Work request - The entries below contain pictures, which are to be left out; write out exactly, and only, the lines from the line with "Ten zadbany apartament" up to and including the line with "The Komelon PowerBlade™".

Data shown -
.....

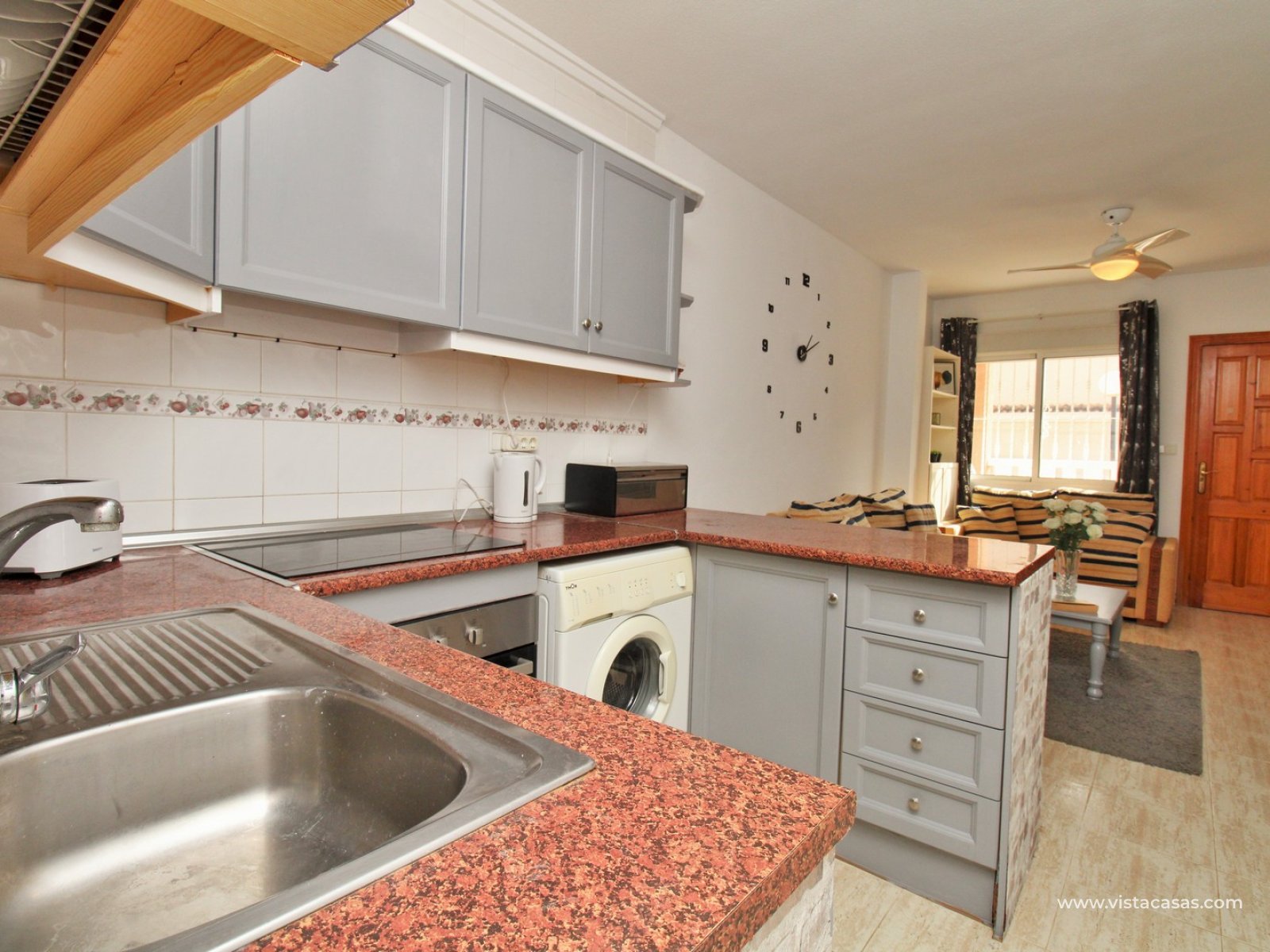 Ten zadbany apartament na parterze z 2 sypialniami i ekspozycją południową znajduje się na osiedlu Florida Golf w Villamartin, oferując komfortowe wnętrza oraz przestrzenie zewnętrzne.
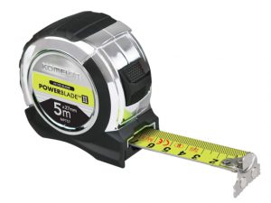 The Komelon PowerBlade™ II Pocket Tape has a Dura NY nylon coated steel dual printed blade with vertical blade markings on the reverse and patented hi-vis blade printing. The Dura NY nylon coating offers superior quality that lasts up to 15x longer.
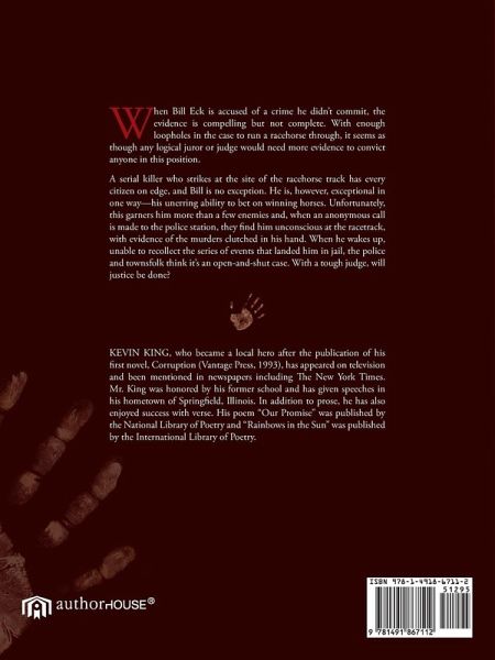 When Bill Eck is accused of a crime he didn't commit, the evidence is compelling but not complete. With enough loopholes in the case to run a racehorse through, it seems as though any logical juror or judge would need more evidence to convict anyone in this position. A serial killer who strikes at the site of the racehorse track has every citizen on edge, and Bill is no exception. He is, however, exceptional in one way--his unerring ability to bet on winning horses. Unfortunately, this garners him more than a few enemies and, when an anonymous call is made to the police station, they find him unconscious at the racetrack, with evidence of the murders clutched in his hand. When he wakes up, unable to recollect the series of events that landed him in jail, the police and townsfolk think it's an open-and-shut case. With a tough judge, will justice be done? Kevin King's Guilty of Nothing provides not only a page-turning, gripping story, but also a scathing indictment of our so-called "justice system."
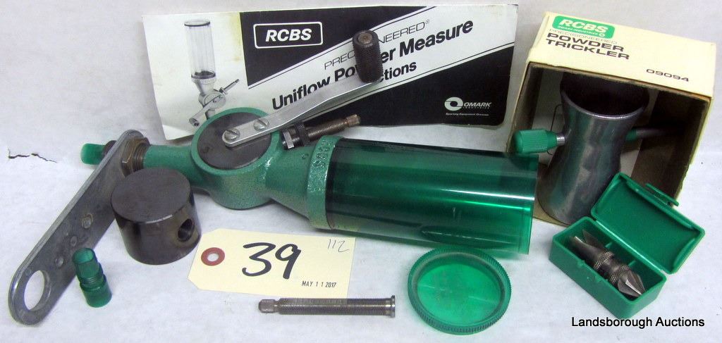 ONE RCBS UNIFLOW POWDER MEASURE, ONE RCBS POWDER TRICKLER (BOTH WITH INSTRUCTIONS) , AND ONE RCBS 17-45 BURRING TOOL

.....

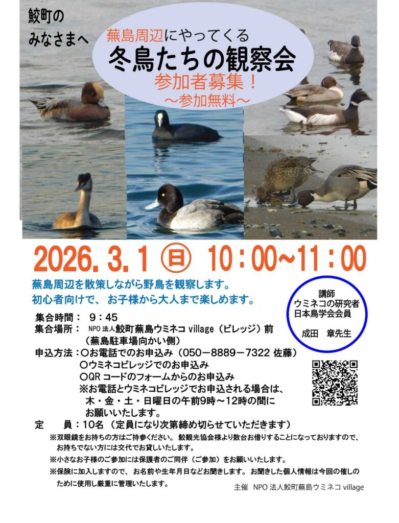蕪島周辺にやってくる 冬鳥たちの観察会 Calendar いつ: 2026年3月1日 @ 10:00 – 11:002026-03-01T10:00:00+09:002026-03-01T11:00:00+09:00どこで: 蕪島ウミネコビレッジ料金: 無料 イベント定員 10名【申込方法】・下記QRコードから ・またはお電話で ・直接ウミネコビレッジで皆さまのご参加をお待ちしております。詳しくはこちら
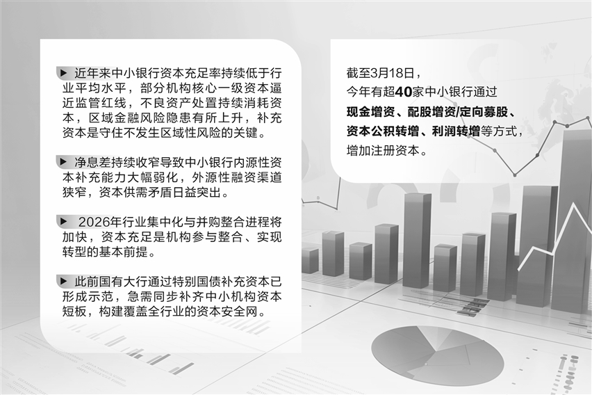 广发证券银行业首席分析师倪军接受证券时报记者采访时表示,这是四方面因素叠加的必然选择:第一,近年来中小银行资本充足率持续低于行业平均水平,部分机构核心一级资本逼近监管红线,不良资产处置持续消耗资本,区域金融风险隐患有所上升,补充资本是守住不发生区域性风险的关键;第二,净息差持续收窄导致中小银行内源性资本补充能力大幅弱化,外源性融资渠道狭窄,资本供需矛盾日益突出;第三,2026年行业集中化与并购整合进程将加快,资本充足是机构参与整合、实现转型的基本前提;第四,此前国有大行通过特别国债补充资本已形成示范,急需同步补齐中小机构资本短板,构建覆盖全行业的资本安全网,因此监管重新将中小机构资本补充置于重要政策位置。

.....

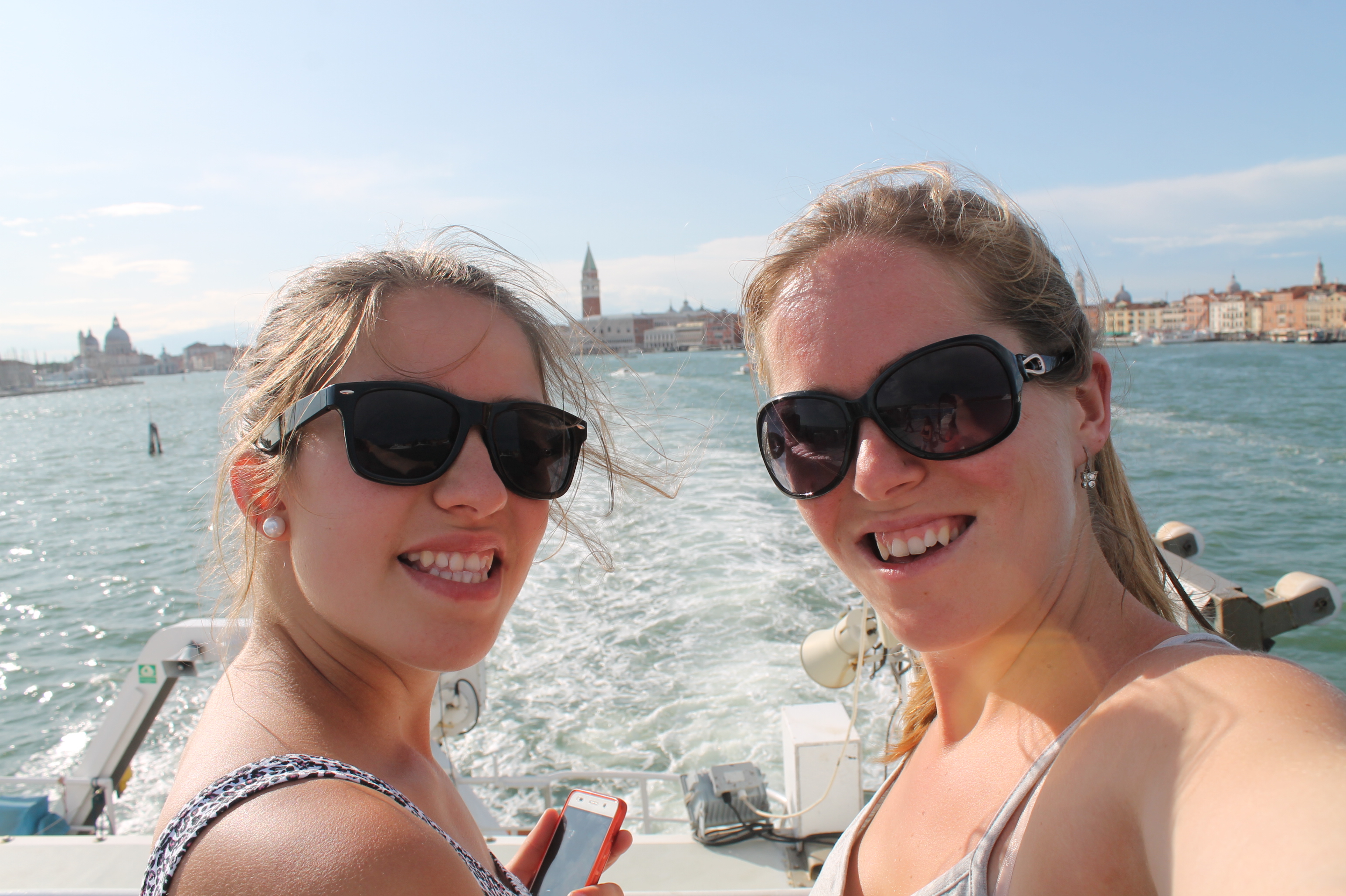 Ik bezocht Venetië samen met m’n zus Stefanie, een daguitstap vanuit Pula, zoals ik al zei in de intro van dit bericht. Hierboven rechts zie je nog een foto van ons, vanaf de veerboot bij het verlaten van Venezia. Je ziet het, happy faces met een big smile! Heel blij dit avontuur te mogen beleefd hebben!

.....

Reply -
 Ten zadbany apartament na parterze z 2 sypialniami i ekspozycją południową znajduje się na osiedlu Florida Golf w Villamartin, oferując komfortowe wnętrza oraz przestrzenie zewnętrzne.
 The Komelon PowerBlade™ II Pocket Tape has a Dura NY nylon coated steel dual printed blade with vertical blade markings on the reverse and patented hi-vis blade printing. The Dura NY nylon coating offers superior quality that lasts up to 15x longer.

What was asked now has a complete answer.